Groaning internally, I thought to myself, “Oh no – he is another one of those fanatics.” Dennis called me every few weeks to ask questions about the product they had just purchased. I did not have my commission check yet so I reluctantly went back to their home to answer their questions, more interested in closing the deal than any other further discussions about God. After arriving at their home, though, Dennis and Joyce witnessed to me.
This went on for a couple of months, being called to their home to answer policy questions – and the discussion turned to Jesus and the Bible. Dennis and Joyce were listening to the Lord as He told them to pursue me. They showed me picture books of Israel, videos, and even took me to one of their meetings, all in an effort to convince me that Jesus is the Jewish Messiah. I just wanted them to follow through with their purchase. On the other hand, they only wanted to be obedient to the Lord.
It was during this time period that I met a woman who took me to a home group. They sang the most beautiful, wonderful songs there. Only it was not a sing-a-long. It was worship. One song especially caught my attention: the words invited the Holy Spirit to come.
I returned two weeks later only to hear the same beautiful, compelling songs. When worship ended, I asked, “What is this Holy Spirit you people keep singing about?” The woman who owned the home answered me from across the living room. But the strangest thing happened. I watched her lips move. I heard the English words coming from her mouth speaking discernable sentences. She continued for several minutes. But I could not understand a thing she was saying – could not comprehend anything. It was as if something prevented me from understanding a single word.

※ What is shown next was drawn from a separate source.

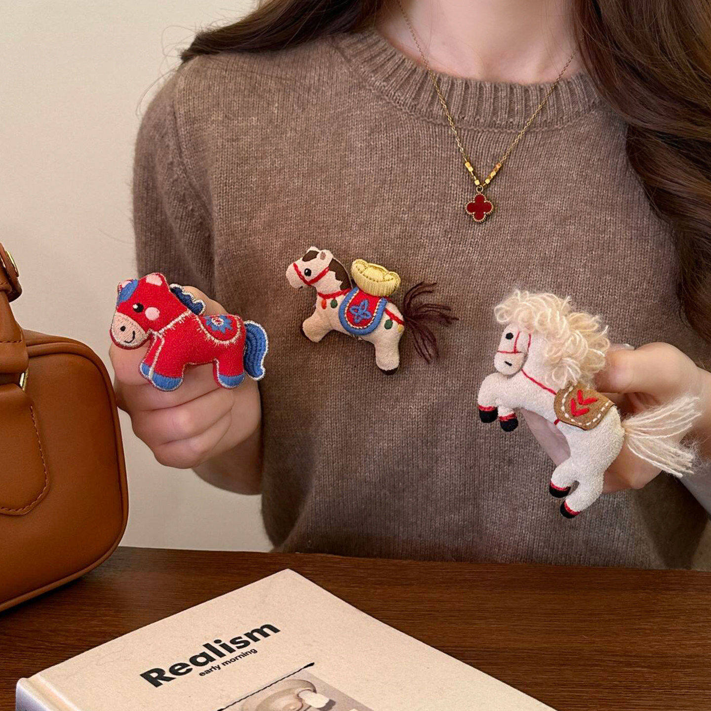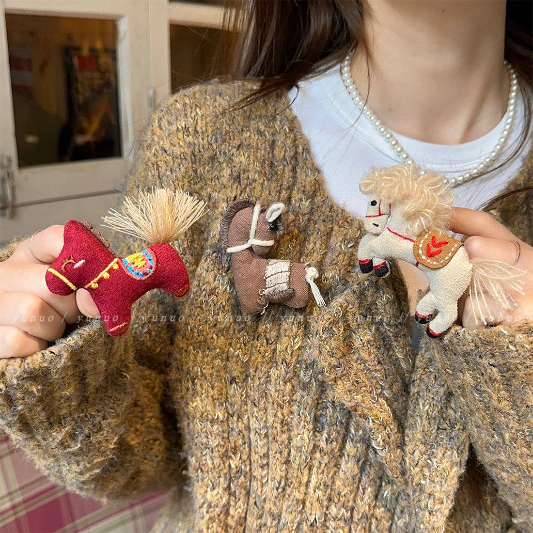 本命年可爱布艺小马胸针女款2026新款毛衣配饰胸花新年儿童饰品冬

Have you ever read that the Jews request a sign (1 Corinthians 1: 22)? While I could understand none of what she said, an unusual sensation overtook me and I knew something supernatural was happening to me. The sign my stubborn Jewish heart demanded and received was this: the Holy Spirit entered me and flooded me with His peaceful presence. I had asked for a definition of the Holy Spirit, and unable to hear her explanation, the Lord made sure the Holy Spirit met me right then and there. I was immediately introduced to the One they were singing about, the Holy Spirit. He was in me. And I was not even saved yet!
It had been thirteen years since my college roommate first told me about Jesus. It was eleven years since I had seen him. God, in His providence, kept putting more Christians in my path. Throughout all those years people kept telling me about a personal relationship with Jesus. All the reasoning in the world did not change my mind. But when the Holy Spirit came into me, I immediately began to realize God’s power as a result of His manifest presence.
However, my mind was like concrete – mixed up and well set. It took three more months of going to the home group and attending a church, before my deeply embedded traditions were overcome, and my heart completely melted. I accepted Jesus as my Savior in January of 1986. And after learning to submit more and more to Him as the years pass, I am living the best years of my life.